Ein letzter Track, auf den ich im Speziellen eingehen möchte ist "You Were Good In Your Time". Denn hier zieht Morrissey textlich noch einmal alle Register und man muss ihn schon für seine selbstironische Art bewundern. Textzeilen wie "You made me feel less alone, you made me feel not quite so deformed, uninformed and hunchbacked" oder "You said more in one day than most people say in a lifetime, it was our time" sprechen vielen Fans der Smiths aus der Seele und passen auf Morrissey, wie auf sonst kaum einen anderen Künstler.
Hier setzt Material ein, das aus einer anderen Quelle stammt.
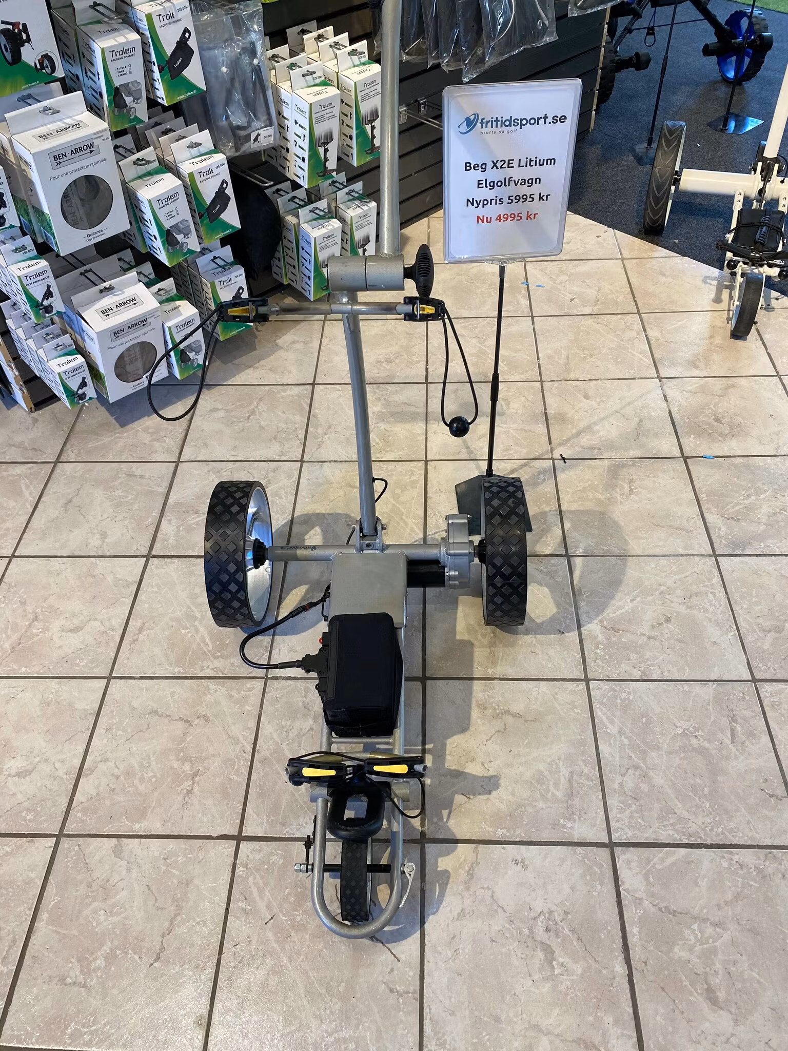 H&F X2E Litium är en enklare elgolfvagn i smäcker avskalad design. Den har en låg vikt tack vare aluminiumram och litiumbatteri. En populär vagn som har frihjul och därför rullar mycket lätt.

Durch den Songtitel wirft er sich allerdings quasi selbst vor, dass seine Zeit abgelaufen ist und legt sich seinen eigenen Rücktritt nahe, womit wir eine weitere Andeutung eines Abschieds vorliegen hätten, was mich zu meinem Fazit bringt:

Morrissey ist zurück und beweist auf "Years Of Refusal" endlich wieder den in letzter Zeit etwas vermissten Biss. Textlich knüpft er an seine Hochzeiten an und auch musikalisch strahlt das Album nach den eher mäßigen beiden letzten Alben wieder mehr Glanz aus und ist gespickt mit Reminiszenzen an alte Werke des Meisters, quasi eine Art Zwischenfazit anlässlich seines bevorstehenden 50. Geburtstag im Mai diesen Jahres. Hoffentlich ist dies aber nicht doch der seit Jahren befürchtete Schlussstrich, textliche Anlässe für eine solche Annahme gibt es auch auf diesem Album (leider) wieder zur Genüge. Doch wäre ein Ende wirklich ein herber Verlust für die Musikwelt und eine fahrlässige Verschwendung von Talent. Goodbye, but not farewell Morrissey!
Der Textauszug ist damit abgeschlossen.